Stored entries
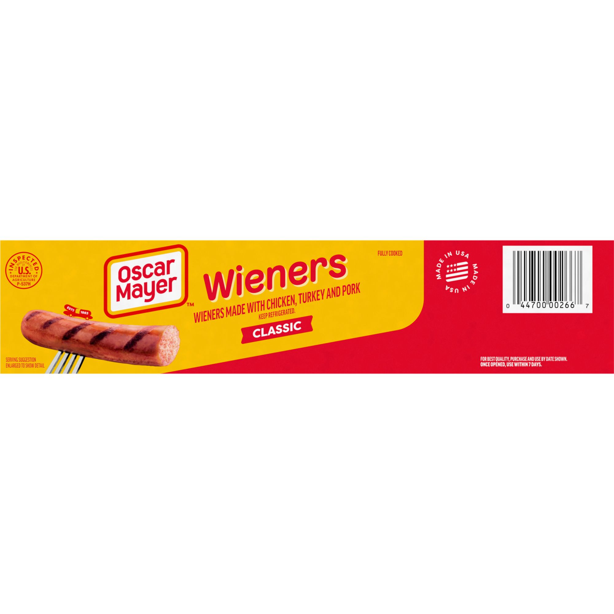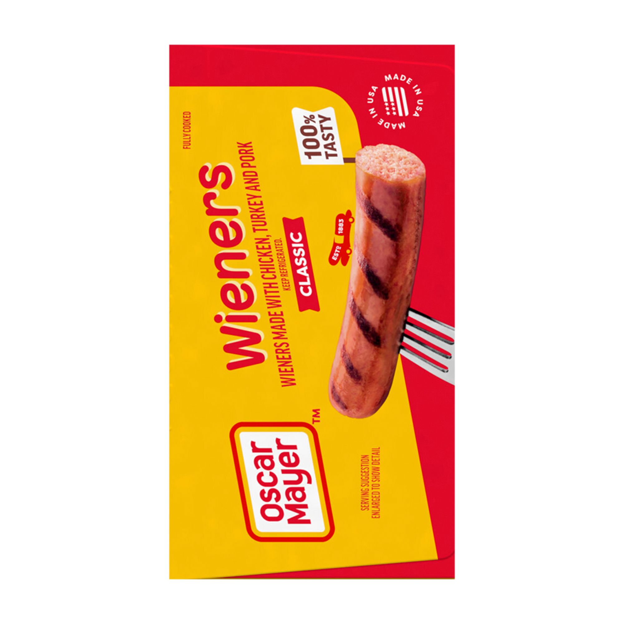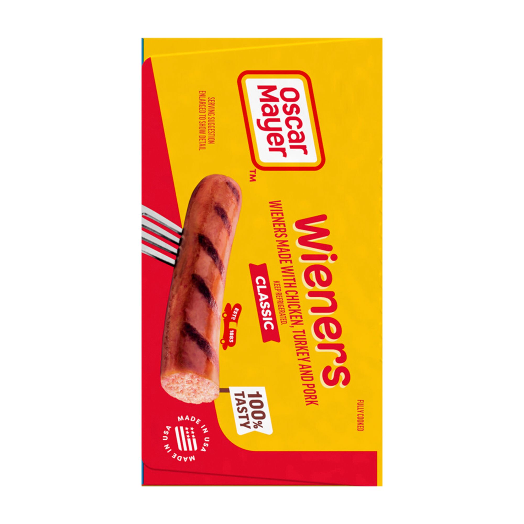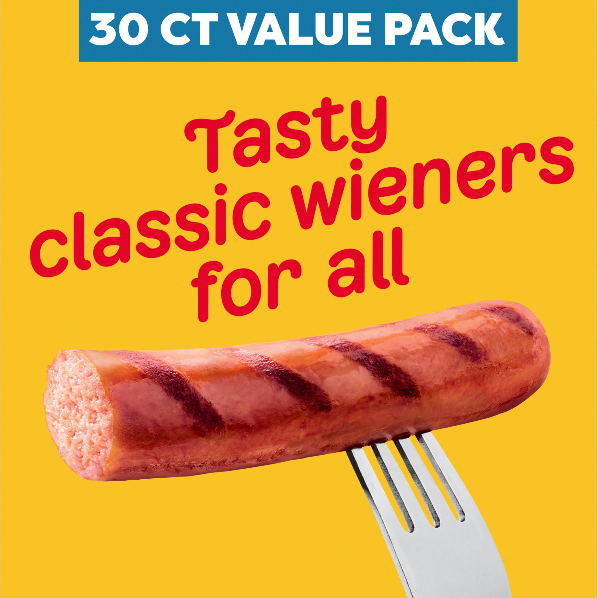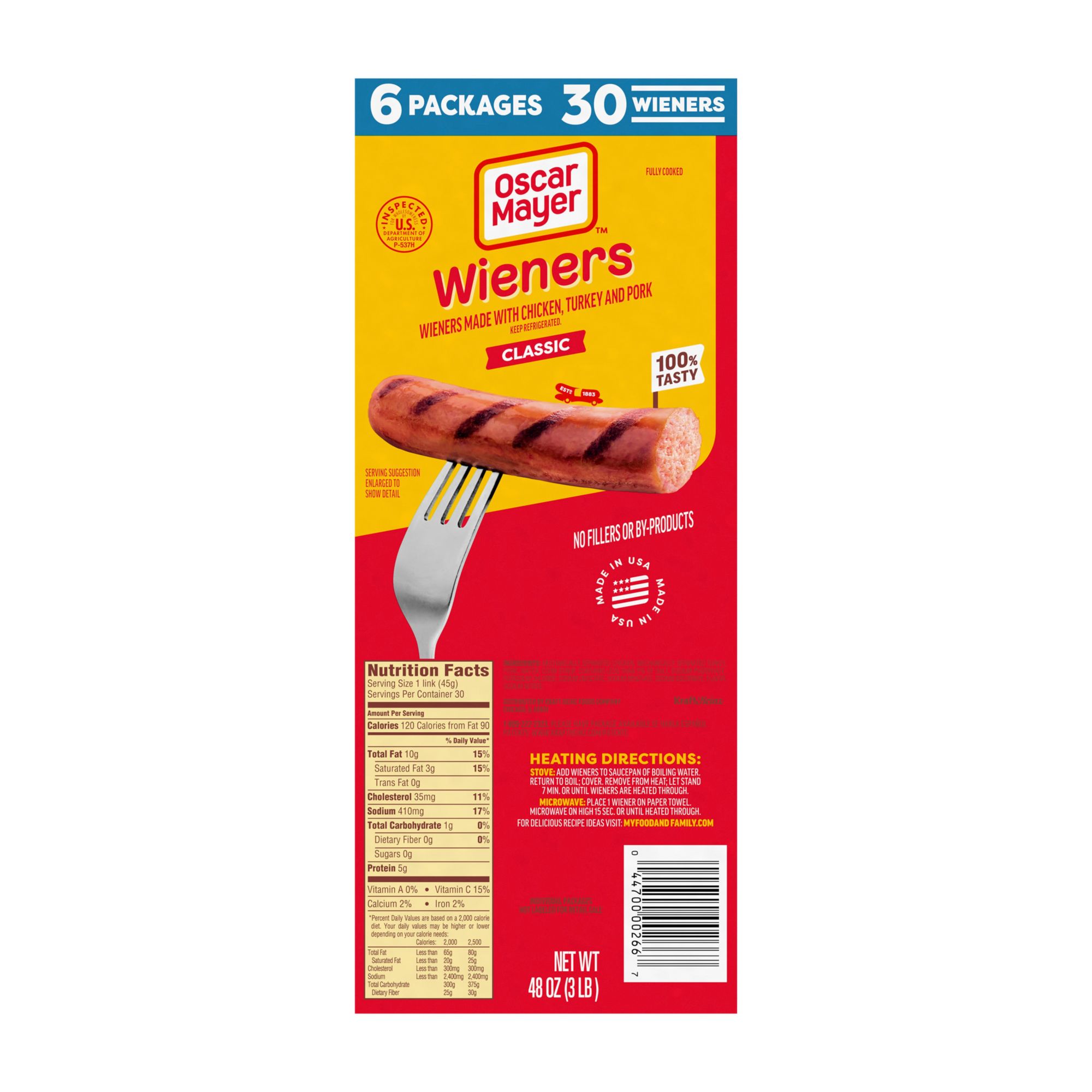 Grill up a winner. Oscar Mayer Classic Wieners Hot Dogs are made with no fillers or by-products so you can enjoy the great taste and quality you expect. Grill these wieners for a family BBQ, roast over a campfire or cook in the kitchen for a quick and easy meal. Top your hot dog with ketchup and mustard, or try regional favorites like chili or sauerkraut. Each 30-count, 48-ounce box of hot dogs comes with 6 packages with an EZ peel tape. Keep refrigerated until ready to prepare.
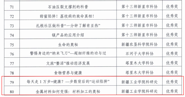 本次兵团科普讲解大赛以深入贯彻落实习近平总书记关于科普工作的重要指示精神为核心,旨在推动全民科学素质提升、大力弘扬科学精神与人文精神,营造“讲科学、爱科学、学科学、用科学”的社会氛围。beat365官网此次获奖作品涵盖生态治理、健康生活、材料科学等多个领域,兼具地域特色与实际应用价值。其中,来自自然资源科技学院的吴江伟、葛云峰、刘禹辰、王超四位老师的参赛作品《死亡之海变沃土粮仓:塔克拉玛干的“逆沙而行”路》聚焦新疆塔克拉玛干沙漠的生态治理与农业发展实践,系统阐释“沙漠变绿洲、绿洲变粮仓”背后的生态修复技术与现代农业科技,生动展现科技赋能下新疆生态环境改善与产业协同发展的成效,凭借深刻的主题立意和通俗易懂的讲解方式荣获二等奖;来自新能源与矿业学院的杨鑫赫老师的参赛作品《每天走1万步=健康?一步数背后的“运动陷阱”》针对公众普遍存在的健身误区,深入剖析“万步健走”的科学依据,提出个性化的运动建议,内容贴近日常生活实际;来自新能源与矿业学院的陈志文老师的参赛作品《金属材料如何变强:材料加工的奥秘》立足学校学科优势,以通俗语言解读金属材料强化的技术原理,有效搭建专业知识与公众理解之间的桥梁,上述两项作品均获优秀奖。首次参赛即在多类别奖项中取得突破,既是新疆生产建设兵团科学技术协会对beat365官网科普工作起步阶段成效的充分肯定,也为学校后续科普事业的发展注入了强劲动力。
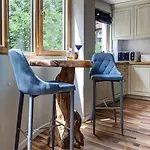 Koupelna má samostatnou toaletu a sprchu, zatímco pokoj má přístroj na přípravu kávy a čaje, místnost na posezení, televizi.
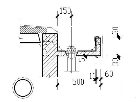 지붕 데크 위에 후레싱을 설치할 수 있습니다. 홈통의 하단은 지붕 데크 아래에 배치하고 실런트로 밀봉해야 합니다. 주로 빗물받이와 연결하기 위해 배수구 바닥에 배수구를 제공해야 합니다.
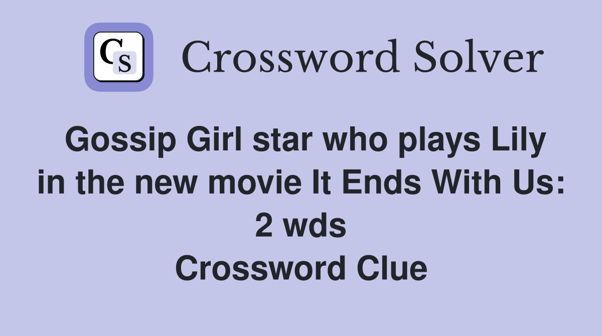 Gossip Girl star who plays Lily in the new movie It Ends With Us: 2 wds
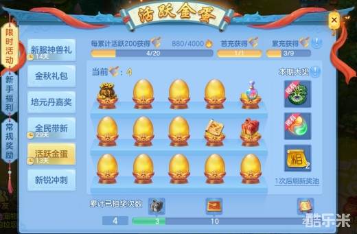 活动期间通过获取活跃度或达到一定充值条件,可以获得敲蛋次数,更有机会获得源生之灵、高级坐骑元神等大奖。
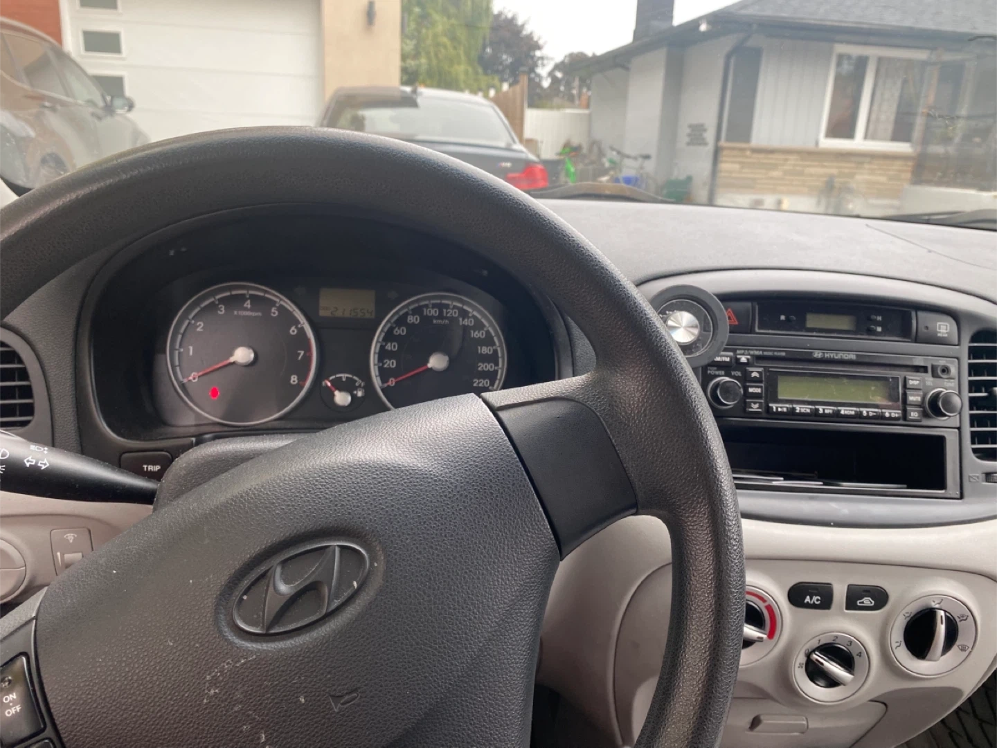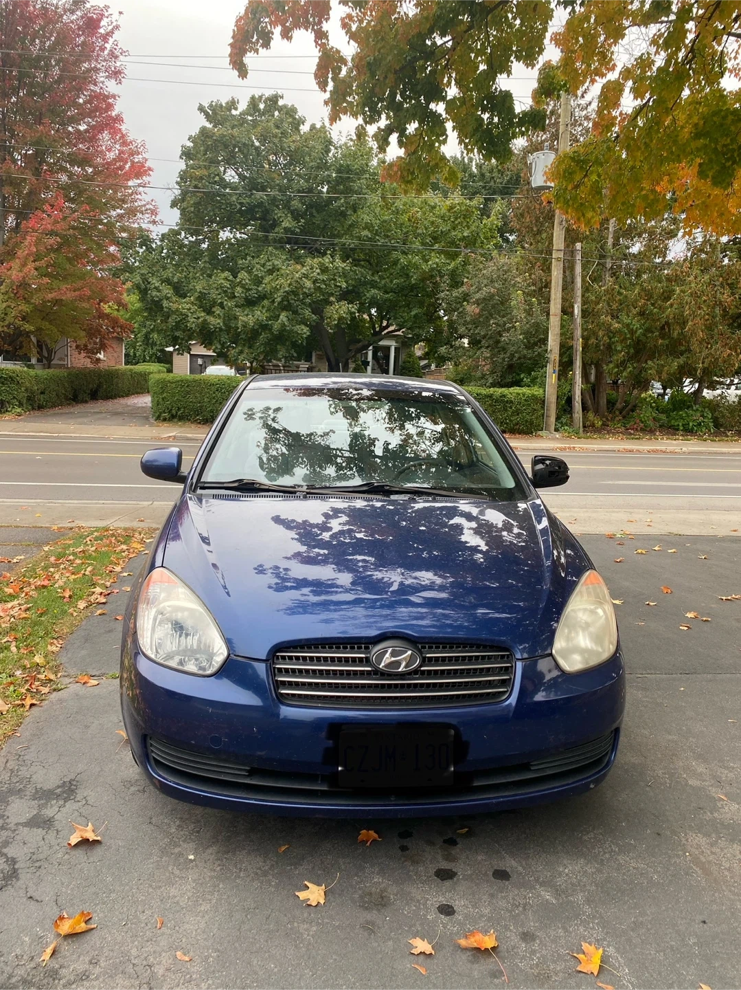 Selling a blue Hyundai Accent sedan. It's a reliable car for getting around town! Feel free to message me if you're interested.
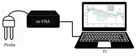 An EM stimulus propagates along the probe and is partially reflected at the probe-material interface due to permittivity variations. The dielectric characteristics of MUT can be retrieved by analyzing the reflected signal. The reflected stimulus can be measured either in the time domain (time domain reflectometry—TDR) or in the frequency domain (frequency domain reflectometry—FDR). Generally, instruments operating directly in FD, such as VNAs, have the advantage of higher measurement accuracy [42] as calibration procedures can be implemented to minimize systematic errors. However, benchtop VNAs are more expensive than instruments operating directly in the time domain (TD). Recently, low-cost portable VNAs have been made commercially available and they are suitable for measurements over a small range of frequencies (up to 3 GHz). In this paper, reflection measurements in the frequency domain are performed using a miniaturized low-cost VNA, and the reflected signal is then analyzed in terms of the frequency-dependent reflection scattering parameter S11(f).
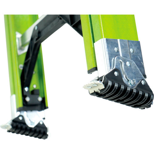 Little Giant 20' HyperLite SumoStance lb. Capacity Type IAA Fiberglass Extension Ladder - 17220 The most catastrophic ladder accidents are caused by over-reaching, working on uneven surfaces, and stepping from the ladder to the roof and back. People have attempted to solve the leveling problem with rocks and boards and are left to improvise, or do nothing. The HyperLite SumoStance is the only extension ladder in the world with Little Giant's patented SumoStance leveling outrigger system, which more than doubles the ladder's base width and increases side-tip stability by up to 600 percent. Features SumoStance leveling outrigger system helps ensure a safe, level setup and reduces the risk of side-tip falls and gives you a safe secure feeling while using your ladderNonconductive fiberglass construction provides additional safety while working around electricityLightweight design helps prevent incidence of common injuries such as torn rotator cuffs, herniated disks, ankle sprains and knee ligament tears from loading and unloading or carrying heavy traditional extension laddersRoof line indicator to ensure a quick, safe setup with at least three feet above the contact pointSolid-riveted plate rung construction is stronger, more durable, and easier to replaceConvenient side-to-side and front-to-back angle level bubbles help ensure a safe setup every timePatent-pending HyperLite SumoStance weighs less than traditional fiberglass extension ladders even though it comes with two wide-stance levelersInterlocking side rails with internal rail guides on both the bottom of fly section and top of base section for easy glide during operationNo protruding external guides in the way as you ascend and descendSpring-assisted heavy-duty extruded aluminum rung locks for smooth, secure operationPatent-pending Sure-Set foot stays in position when you set it to either flat nonslip rubber shoe or spike mode for soft surfacesThe patent-pending Ground Cue prevents injuries by signaling the user when it is safe to dismount the ladderRail shield bracket and shoe protects fiberglass rails from damage and weatherHigh-strength polymer molded leg brace for increased stabilityCo-molded nonslip rubber wall pads protect working surfaces and provide superior stabilityWeather-resistant UV-inhibiting compound in fiberglass resin for extended outdoor useComplies with all OSHA, ANSI A14 strength and testing standards. Rung/step spacing complies to OSHA and Int'l standardsOSHA 1910.23, OSHA 1926.10.53, CSA Z11, EN131-1, AS/NZS 1892.2.6.2Up to 20 percent more rigid than comparable standard extension laddersWide, flat rungs provide great comfort and reduce foot fatigueSide-mounted, dual-pulley system reduces the effort required to raise the fly section by 45 percent and removes the trip hazard caused by traditional center-pulley rope systemsBraided rope is larger, softer and more durable than ordinary ladder ropeEngineered nail notch in the shoe allows you to secure the ladder to prevent slide outs for added peace of mind1-Year limited warrantyThe HyperLite SumoStance is available in the following duty ratings and sizes: Extra Heavy Duty Type IA 300 lbs: 16', 20', 24', 28', 32', 36' and 40' ; Special Duty Type IAA lbs: 16', 20', 24', 28' and 32'Based on tests performed in a controlled ANSI-compliant test lab.
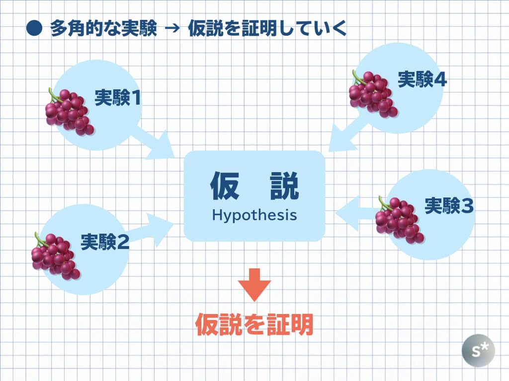 次のステップでは、これを科学的に検証していきます。ひとつの視点ではなく、さまざまな角度からエビデンス(証拠)を積み上げることが重要です。
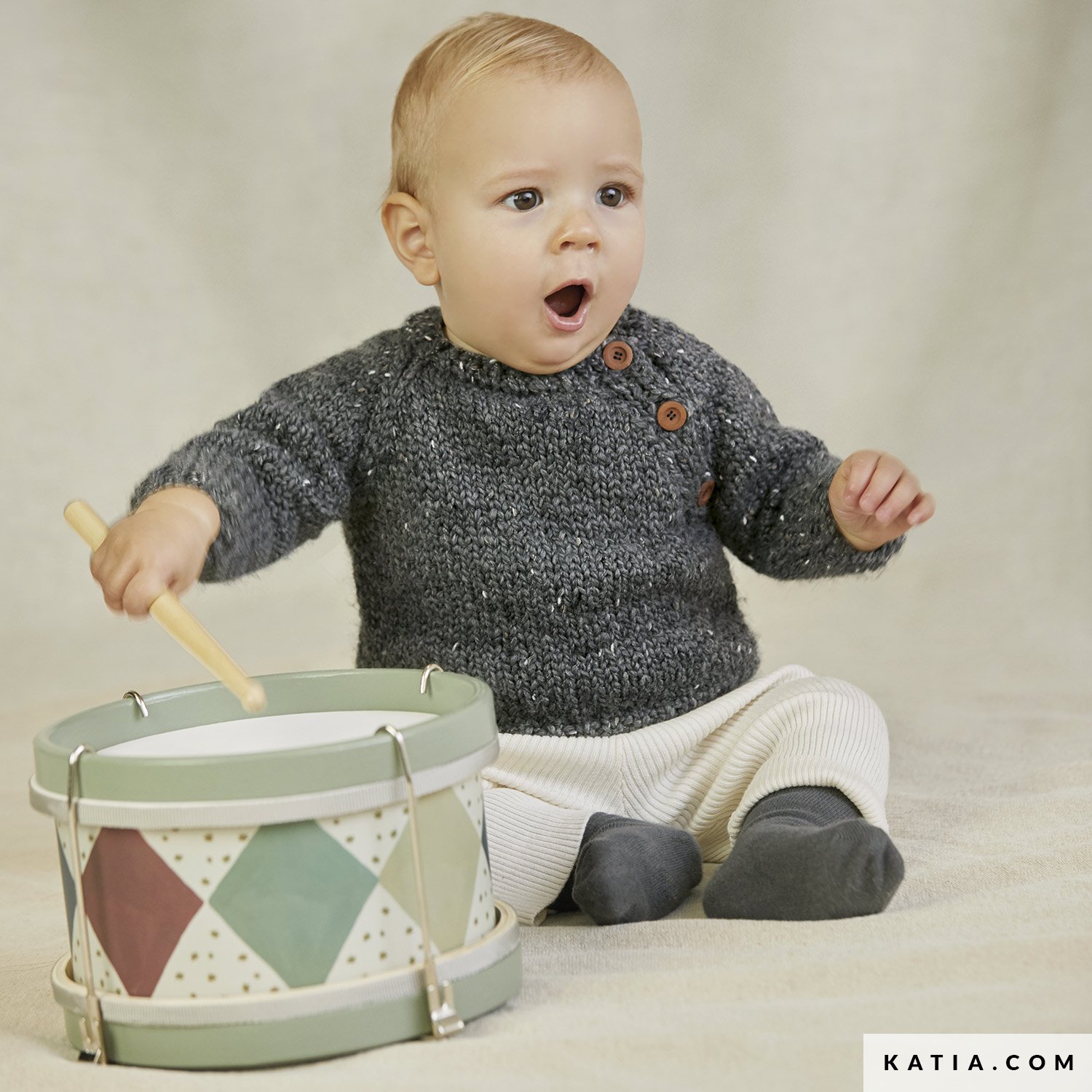 Bei diesem klassischen Pullover in Glatt rechts mit Raglanärmeln wird eine Raglanlinie mit 3 Knöpfen geschlossen. Such dir aus der Farbpalette unseres kuschelweichen Garns Poesia deinen Ton aus und stricke diesen süßen Babypulli so oft, wie du möchtest.

Goal of the exercise
Return only the part above that opens with the line containing "Gossip Girl star" and closes with the line containing "Selling a blue", exactly and with both ends, skipping the pictures.

Answer area
 Gossip Girl star who plays Lily in the new movie It Ends With Us: 2 wds
 活动期间通过获取活跃度或达到一定充值条件,可以获得敲蛋次数,更有机会获得源生之灵、高级坐骑元神等大奖。
 Selling a blue Hyundai Accent sedan. It's a reliable car for getting around town! Feel free to message me if you're interested.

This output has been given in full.